I still say I wish I was Libyan if you know what I mean. I am proud to be Libyan; a Libyan American. My Libyan side of me has not emerged until recently. Let’s say I haven’t been Libyan until about a couple years ago. My Libyan Arabic has improved, I understand the culture better, I understand the people better and I truly have appreciated my culture so very much. During my teenage years, I was not interested in my culture and lived like I was an American. I did not appreciate the Arabic language or their cultural practices. I wanted to live one way and my parents wanted to me to live another. I never understood why my parents and other Arab immigrants did the things they did. I never agreed with anything they said or did regarding Arab etiquette and customs. Many things were difficult to comprehend. I was used to the American way from my friends, television, books, etc. My parents and others like them were of course always finding fault in what I do. It was all very frustrating. The more they tried to change me the more I resisted. My mentality was already established as an American and I wasn’t about to change. My mind was made up. I wanted to marry from here, live here forever, and live the American dream/life. I hated the Arab mentality; women and men alike. I hated Arab men. I hated the way they regarded women. I felt that they had no respect and no compassion for other humans especially women. I wanted nothing to do with them or their culture. This was what I thought for the majority of my teen years until I went to Libya for the first time. My way of thinking quickly changed. I started to embrace my Libyan heritage and customs. I enjoyed the traditions and felt a deep connection with the country and people. From then on I wanted to learn everything about Libya. My Libyan Arabic got better. I started reading poems in Arabic and watching television in Arabic. I conversed with more Arab people even though I still felt oddly uncomfortable. Trust me people have told me I don’t fit in with Arab speaking gatherings but at least I can say I tried. If I was to marry I now want to marry a man who was born and raised in Libya inshallah and I might even like to live there for some time. Slowly I am beginning to understand the way they think and why they do what they do. Many people are shocked when I tell them this, saying they didn’t think it was possible for me to change as much. I’m proud to say that I have changed for the better.

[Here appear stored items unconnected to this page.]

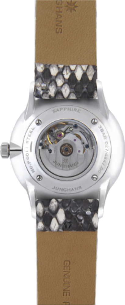 • Funkce a popis:Čas, datum, strojek s automatickým nátahem Junghans J840.1 (25 kamenů) - rezerva chodu 38 hodin, polokmity setrvačky 28.800/h = diference 2 - 4 vteřiny denně, automatický nátah (pohybem ruky) + ruční nátah (hodinky lze natáhnout i mechanicky - ručně)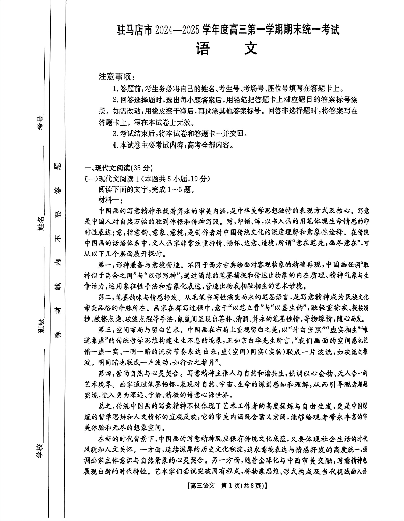 河南省驻马店市2024-2025学年1月高三第一学期期末统一考试语文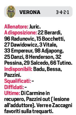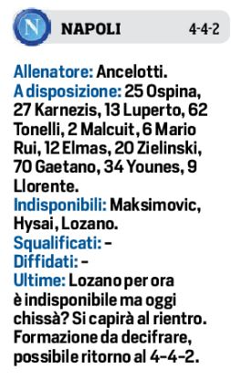 Il Napoli affronterà domani l’Hellas Verona, fischio d’inizio alle ore 18,00, in un San Paolo che potrebbe avere una buona cornice di pubblico. Il tecnico Carlo Ancelotti ha un paio di dubbi di formazione come il partner di Milik, uno tra Younes e Mertens e a centrocampo tra Fabian Ruiz e Zielinski, con lo spagnolo in leggero vantaggio. Il resto sarà il rientro di Koulibaly in difesa dalle due giornate di squalifica. Secondo il CdS il tecnico Juric punterà tutto su Stepinski in attacco e giocherà con la difesa a tre.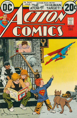 I have a hard time believing Nick Cardy drew this cover because of how bad it is. At a quick glance it has a fun theme, but it doesn't even mention the stories inside besides the main characters. The kids sitting in the stoop are all a little creepy looking. The dog is accidentally standing on the boys foot. Shadows don't line up. The whole right side is just blank yellow which makes no sense because the left side shows a crowded inner city.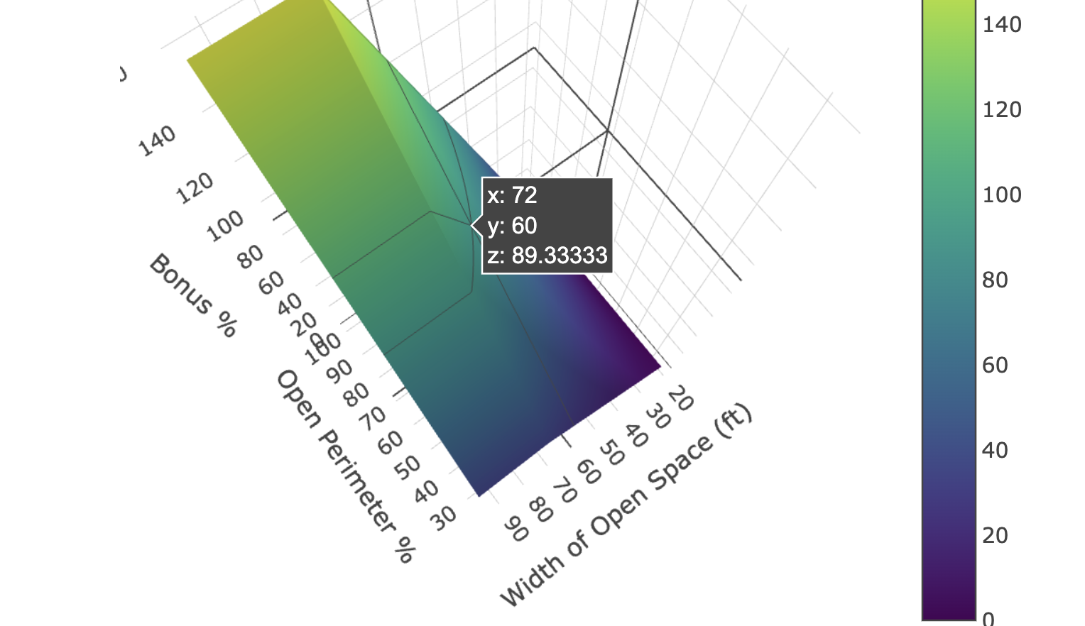 The frontage bonus rewards buildings that sit away from other buildings and expose more of their perimeter. It can add up to 166% to your allowable area — potentially cutting the required number of buildings in half. The surface shows the full bonus landscape. The sliders show your specific position on it.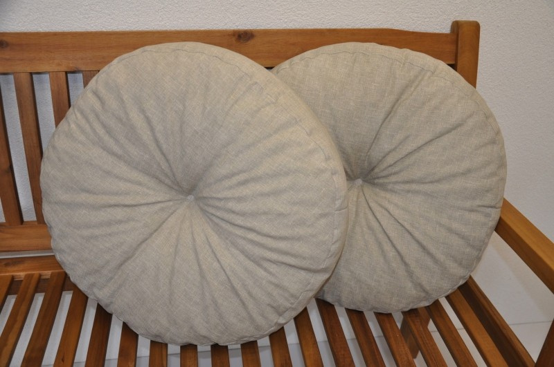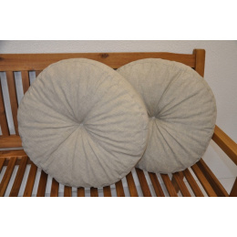 Set 2 kusů velkých kruhových polštářů. | Set dvou kusů praktických designových polštářů. Průměr polštáře je 50 cm. Tloušťka polštáře je přibližně 10 - 12 cm. Polštář je vyplněný polyuretanovou drtí.
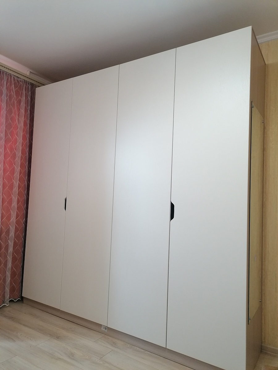 Очень понравился изготовленный шкаф по моим размерам и по выбору материала, крепежа. Все  устраивает, хорошо что есть такие сайты, где можно подобрать самому все удобства, материал и стоимость рассчитать сразу. Консультанты всегда на связи, в случаях, если не понятен цвет и т.п давали консультации.  Сборщики активны быстро собирают.Единственный минус в интеграционной ручке во 2 секция при открытии дверца попадает на перегородку и цепляешься за неё, что не совсем удобно, но привыкли. Рекомендую заказывать.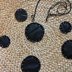 round leather decorations to a straw bag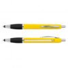 Retractable plastic ballpoint pen with a stylus and a spring-loaded banner which can be branded in full colour on both sides. The pen has a soft rubber grip, translucent trim, and 1200m of German manufactured Dokumental ink. The refill is available in blue or black ink. A production lead time of 40 working days applies to this product by air freight and larger orders can be sea freighted on request to reduce the freight cost.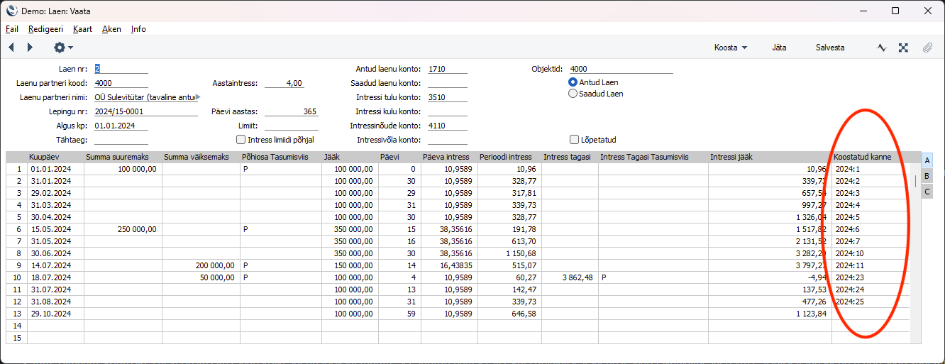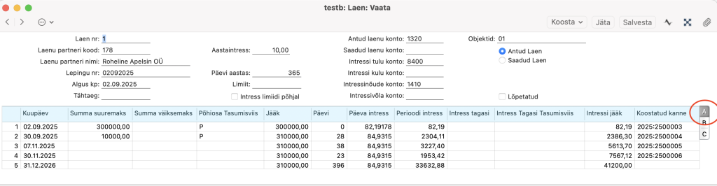 “Jääk, Päevi, Päeva intress, Perioodi intress, Intressi jääk” – Nendel väljadel saad kontrollida automaatseid arvutusi. Need väljad on automaatselt arvutatud, kasutaja neid ei saa muuta.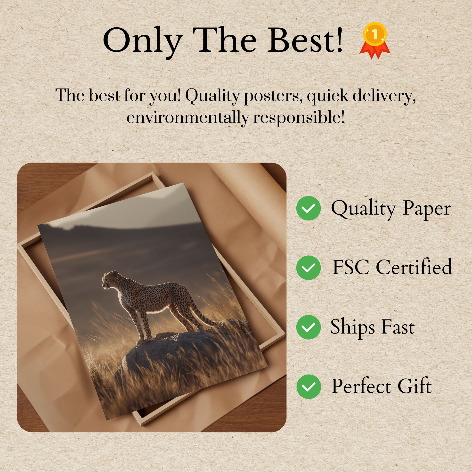 Todos nuestros carteles están elaborados con papel grueso de primera calidad de 170 g/m² con certificación FSC que garantiza su respeto al medio ambiente.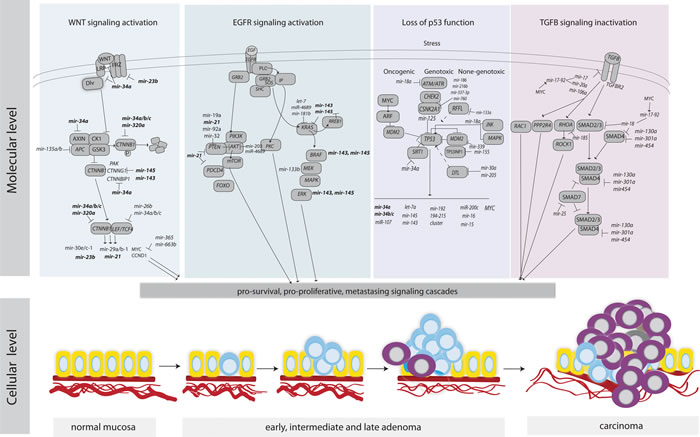 In this review, we summarize miRNAs that are relevant to CRC, describe research that has led to better understanding of the miRNA function and highlight miRNA involvement in the major signaling pathways.

There are many advantages and disadvantages from having different roots then the rest of the western world. Sometimes I feel stuck in between and it’s hard to choose the path you want to follow at times. There are many things that clash and that I have to fight for. There are times I feel out of place in both American and Arab settings but I believe it’s always better to have an open mind and to learn the ways of other cultures besides your own. I can get along with both sides very well and I love how my mentality is mixed. I appreciate the things my Libyan culture has taught me and I appreciate the things America has taught me. All this makes me the person I am now and makes me that much more worldly. I feel there is no more room for ignorance and I feel truly blessed I got to experience two very different worlds. My experiences will be with me for life.